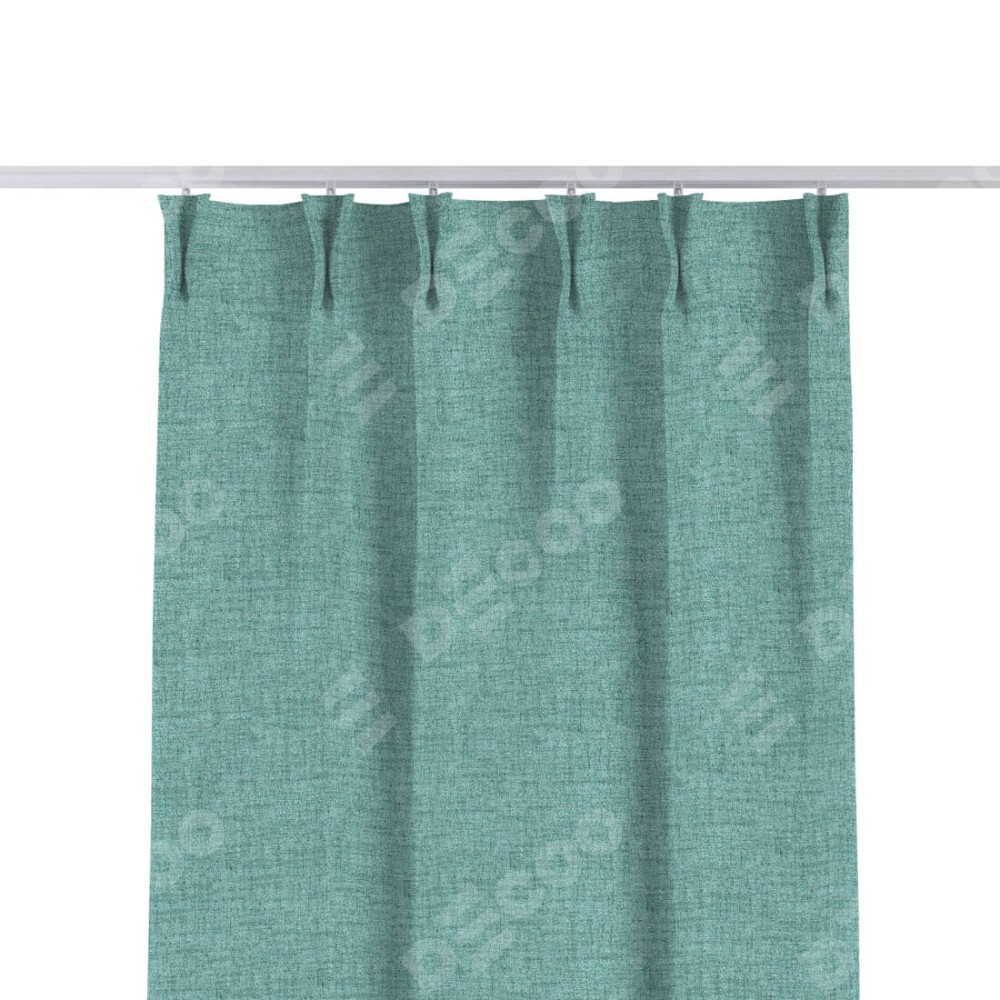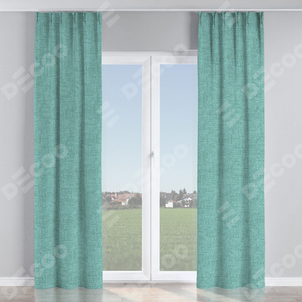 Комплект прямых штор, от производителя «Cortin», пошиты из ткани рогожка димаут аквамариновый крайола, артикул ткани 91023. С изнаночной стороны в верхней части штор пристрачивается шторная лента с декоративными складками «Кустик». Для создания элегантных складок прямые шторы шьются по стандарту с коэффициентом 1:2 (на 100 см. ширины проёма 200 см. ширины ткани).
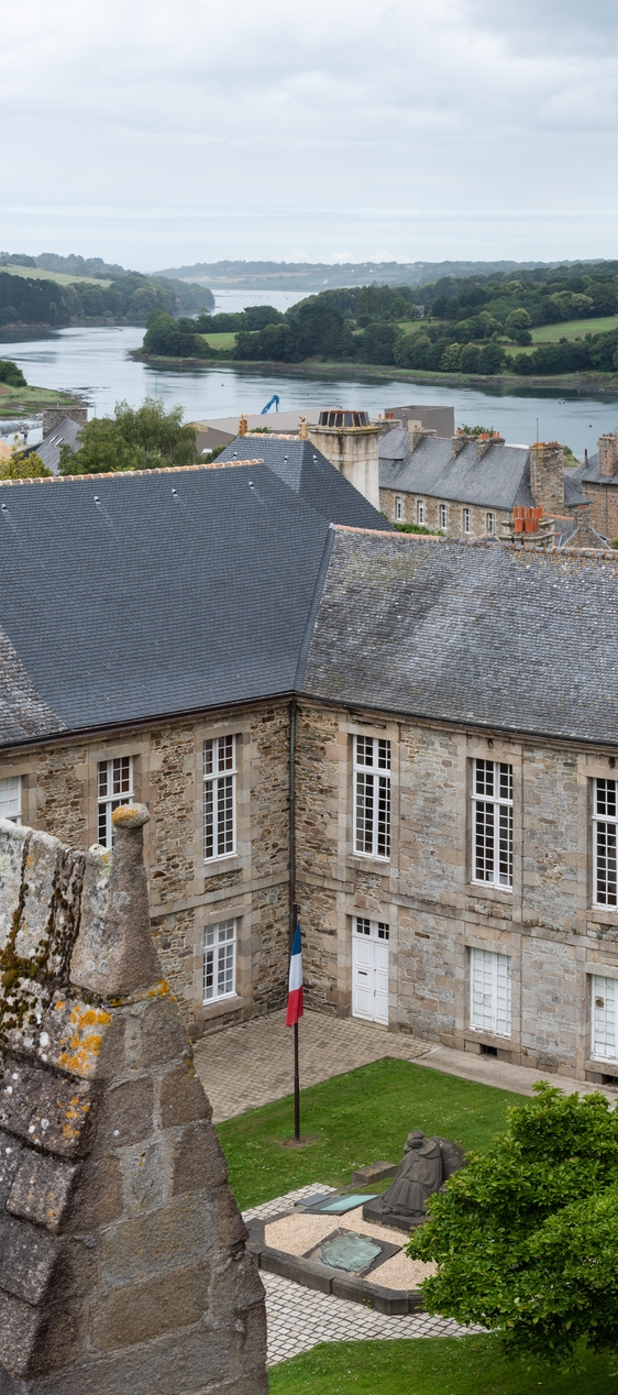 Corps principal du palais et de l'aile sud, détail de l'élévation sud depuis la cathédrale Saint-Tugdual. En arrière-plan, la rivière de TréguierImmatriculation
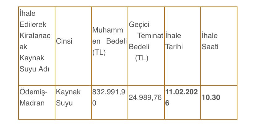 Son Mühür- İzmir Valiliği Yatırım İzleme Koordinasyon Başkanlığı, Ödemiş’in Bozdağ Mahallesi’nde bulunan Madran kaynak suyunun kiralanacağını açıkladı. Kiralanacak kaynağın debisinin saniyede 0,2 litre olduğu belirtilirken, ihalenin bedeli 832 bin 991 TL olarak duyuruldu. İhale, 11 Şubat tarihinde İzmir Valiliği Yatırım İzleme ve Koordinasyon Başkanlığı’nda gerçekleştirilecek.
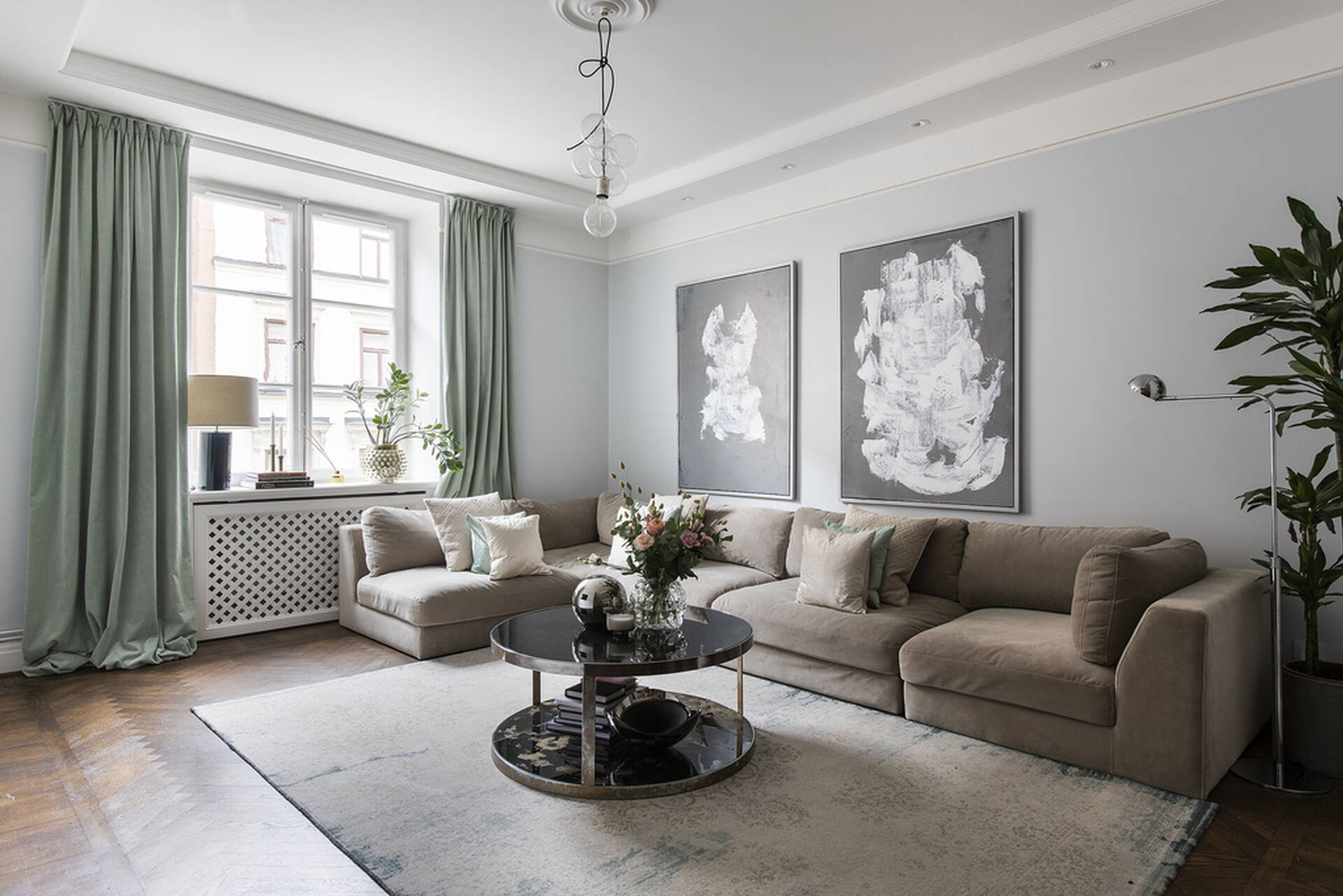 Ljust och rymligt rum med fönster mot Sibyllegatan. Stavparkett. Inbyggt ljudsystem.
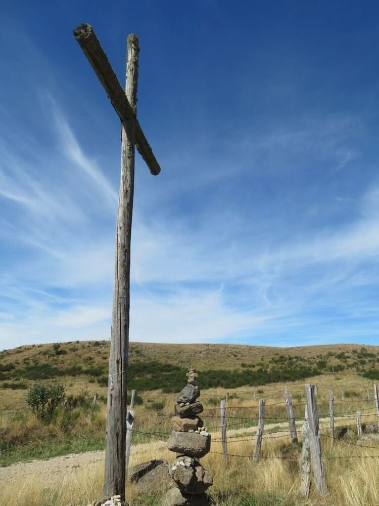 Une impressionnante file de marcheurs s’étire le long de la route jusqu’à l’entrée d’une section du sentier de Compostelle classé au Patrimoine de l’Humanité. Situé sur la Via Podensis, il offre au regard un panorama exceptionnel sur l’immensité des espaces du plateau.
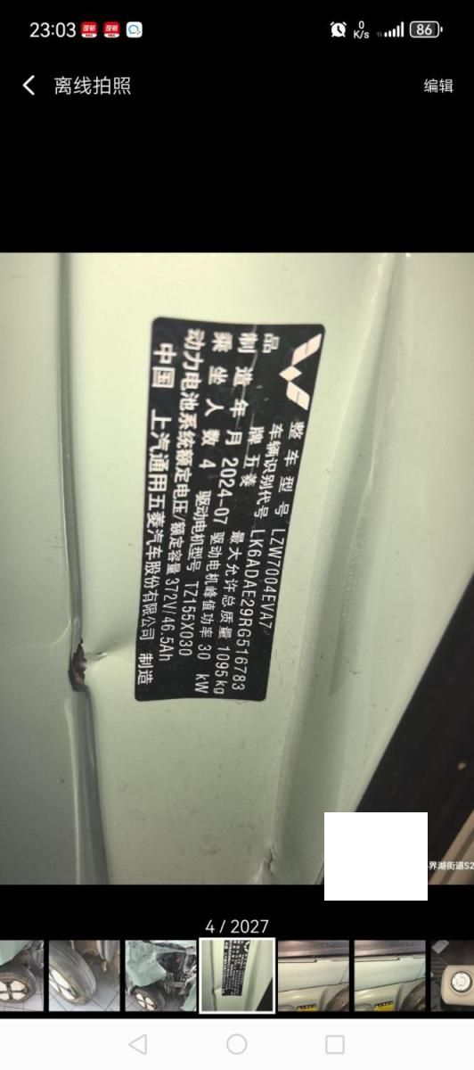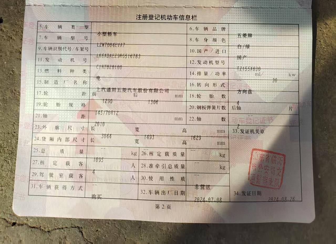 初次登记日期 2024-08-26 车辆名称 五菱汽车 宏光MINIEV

What you should do:
Leaving out the pictures, print every record exactly as written.

Response to the task:
 Комплект прямых штор, от производителя «Cortin», пошиты из ткани рогожка димаут аквамариновый крайола, артикул ткани 91023. С изнаночной стороны в верхней части штор пристрачивается шторная лента с декоративными складками «Кустик». Для создания элегантных складок прямые шторы шьются по стандарту с коэффициентом 1:2 (на 100 см. ширины проёма 200 см. ширины ткани).
 Corps principal du palais et de l'aile sud, détail de l'élévation sud depuis la cathédrale Saint-Tugdual. En arrière-plan, la rivière de TréguierImmatriculation
 Son Mühür- İzmir Valiliği Yatırım İzleme Koordinasyon Başkanlığı, Ödemiş’in Bozdağ Mahallesi’nde bulunan Madran kaynak suyunun kiralanacağını açıkladı. Kiralanacak kaynağın debisinin saniyede 0,2 litre olduğu belirtilirken, ihalenin bedeli 832 bin 991 TL olarak duyuruldu. İhale, 11 Şubat tarihinde İzmir Valiliği Yatırım İzleme ve Koordinasyon Başkanlığı’nda gerçekleştirilecek.
 Ljust och rymligt rum med fönster mot Sibyllegatan. Stavparkett. Inbyggt ljudsystem.
 Une impressionnante file de marcheurs s’étire le long de la route jusqu’à l’entrée d’une section du sentier de Compostelle classé au Patrimoine de l’Humanité. Situé sur la Via Podensis, il offre au regard un panorama exceptionnel sur l’immensité des espaces du plateau.
 初次登记日期 2024-08-26 车辆名称 五菱汽车 宏光MINIEV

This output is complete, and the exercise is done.